Keran Lia,1,2, Jinmin Songa,1,*, Zhaoyi Zhanga,1, Shan Rena,1, Yang Lanb,1, Di Yanga, Zhiwu Lia, Shugen Liua, Chunqiao Yana, Xin Jina, Shaohai Yanga, Jiaxin Guoa
aState Key Laboratory of Oil and Gas Reservoir Geology and Exploitation, Chengdu University of Technology, Chengdu 610059, China
bSchool of Economics and Management, Beihang University, Beijing, 100191, China
1Equal contribution
2Present address: State Key Laboratory of Critical Earth Material Cycling and Mineral Deposits, Frontiers Science Center for Critical Earth Material Cycling, School of Earth Sciences and Engineering, Nanjing University, Nanjing, 210023, China
*Corresponding authors
33.2 GB · 55,786 Images · 22 Lithological Categories · 3 Optical Modes
📄 Paper • 💾 Dataset (Zenodo) • 🌐 Project Page • 📊 Benchmarks
DeepCarbonate is a rigorously curated dataset for automated carbonate petrography using deep learning. Unlike generic image datasets, it addresses the multimodal nature of geological thin-section analysis requiring specific optical conditions (plane-polarized, cross-polarized, and reflected light) to distinguish mineralogical features.
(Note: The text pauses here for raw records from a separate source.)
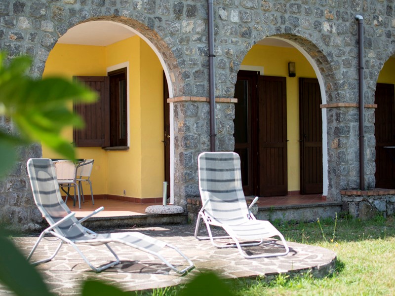 Al piano terra, due appartamenti accoglienti offrono un ambiente confortevole con soggiorno, angolo cottura e camino, che si affacciano su ampi portici, ideali per rilassarsi all'aria aperta. Ogni appartamento comprende una camera da letto, un bagno e un ripostiglio, offrendo spazio sufficiente per una coppia o una piccola famiglia.
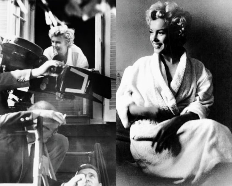 He was also among the press pack two days earlier, when Marilyn filmed another scene at a brownstone house on East 61st Street, waving from the window to co-star Tom Ewell while blow-drying her hair.
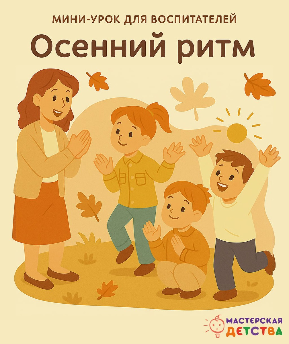 🍁 Мини-урок для воспитателей Осенний ритм: игра на хлопки и шаги с эмоциональной разрядкой Осень - время перемен, когда важно помочь детям выплеснуть накопившуюся энергию и вернуть эмоциональное равновесие. Простые ритмические игры - отличный способ снять напряжение, развить слух, внимание и чувство единства в группе. 🧩 Цель игры Развивать чувство ритма, внимание, координацию движений и умение взаимодействовать в команде. 🎵 Как провести 1️⃣ Подготовка Создайте уютное осеннее настроение: можно включить лёгкую фоновую музыку или предложить детям представить, что они листья, кружась под ветром. 2️⃣ Ритмическая разминка Педагог задаёт ритм хлопками и шагами - дети повторяют. — 2 хлопка — 2 шага — 3 хлопка — приседание — 1 хлопок — поднять руки «к небу» Можно менять темп, добавляя игровые команды: 🍂 «Подует ветер» — дети машут руками 🌧 «Пошёл дождик» — стучат пальчиками по полу 3️⃣ Эмоциональная часть После активных ритмов педагог предлагает замедлиться: — «А теперь осень засып
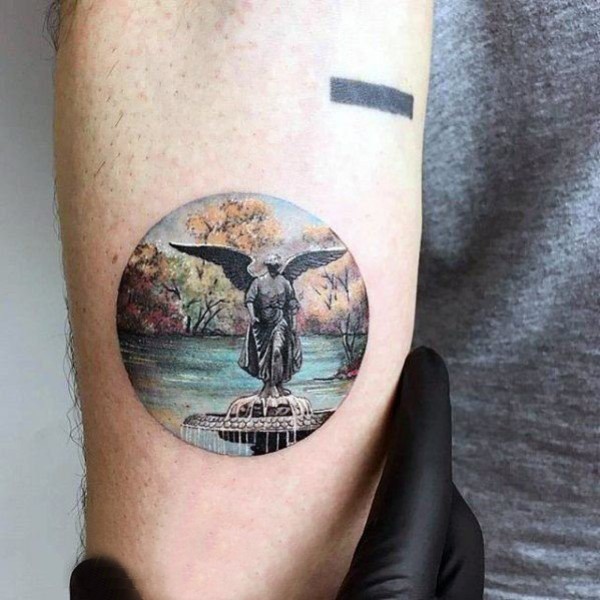 纹身风景 男生手臂上圆形和雕塑纹身图片
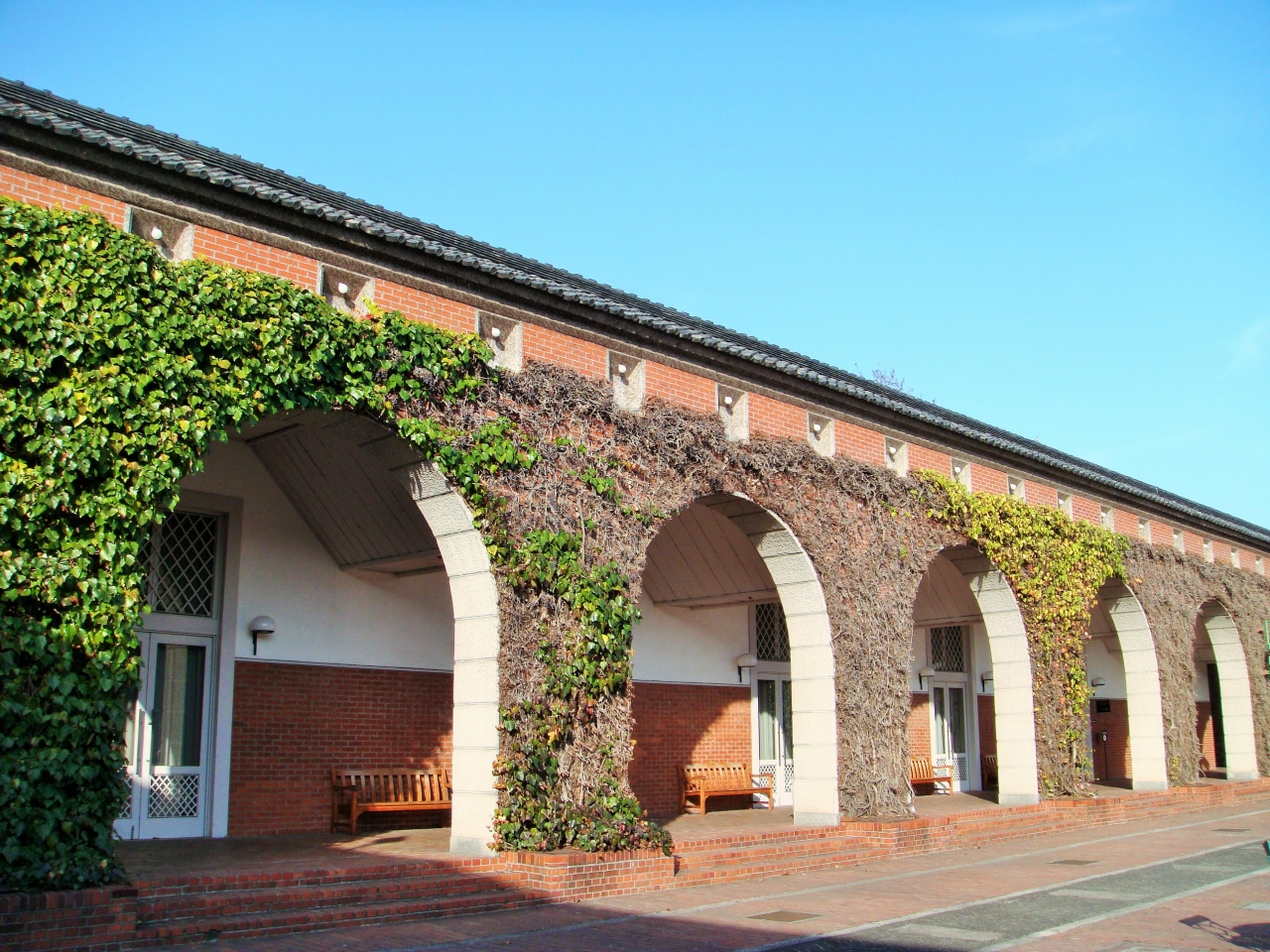 蔦が覆う赤レンガの外壁が印象的ですね。

- Expert-validated: 10 petroleum geologists (6 Ph.D., 4 M.Sc.) voted on lithological labels; images with >20% disagreement excluded
- Multimodal imaging: PPL, XPL, and Reflected light modes for comprehensive mineralogical characterization
- Standardized format: Organized in ImageNet-style hierarchy (
train/val/test) - Quality controlled: 345 invalid images removed via 2σ filtering (blur, brightness, artifacts) + expert inspection
- Geologically diverse: Covers microbialites, grainstones, evaporites, and reservoir features (pores, fractures)
Samples were collected from carbonate reservoirs spanning ~500 million years of geological history:
| Basin | Formation | Age | Lithology Focus |
|---|---|---|---|
| Sichuan Basin, China | Dengying | Ediacaran | Microbial carbonates, dolostones |
| Sichuan Basin, China | Longwangmiao | Cambrian | Grainstones, oolites |
| Sichuan Basin, China | Leikoupo & Jialingjiang | Triassic | Evaporites, lagoonal deposits |
| UAE | Mishrif | Cretaceous | Reefal limestones, bioclastic carbonates |
| Others | Unkown | Unkown | Reefal limestones, bioclastic carbonates |
Click to expand class definitions (Folk & Dunham classification)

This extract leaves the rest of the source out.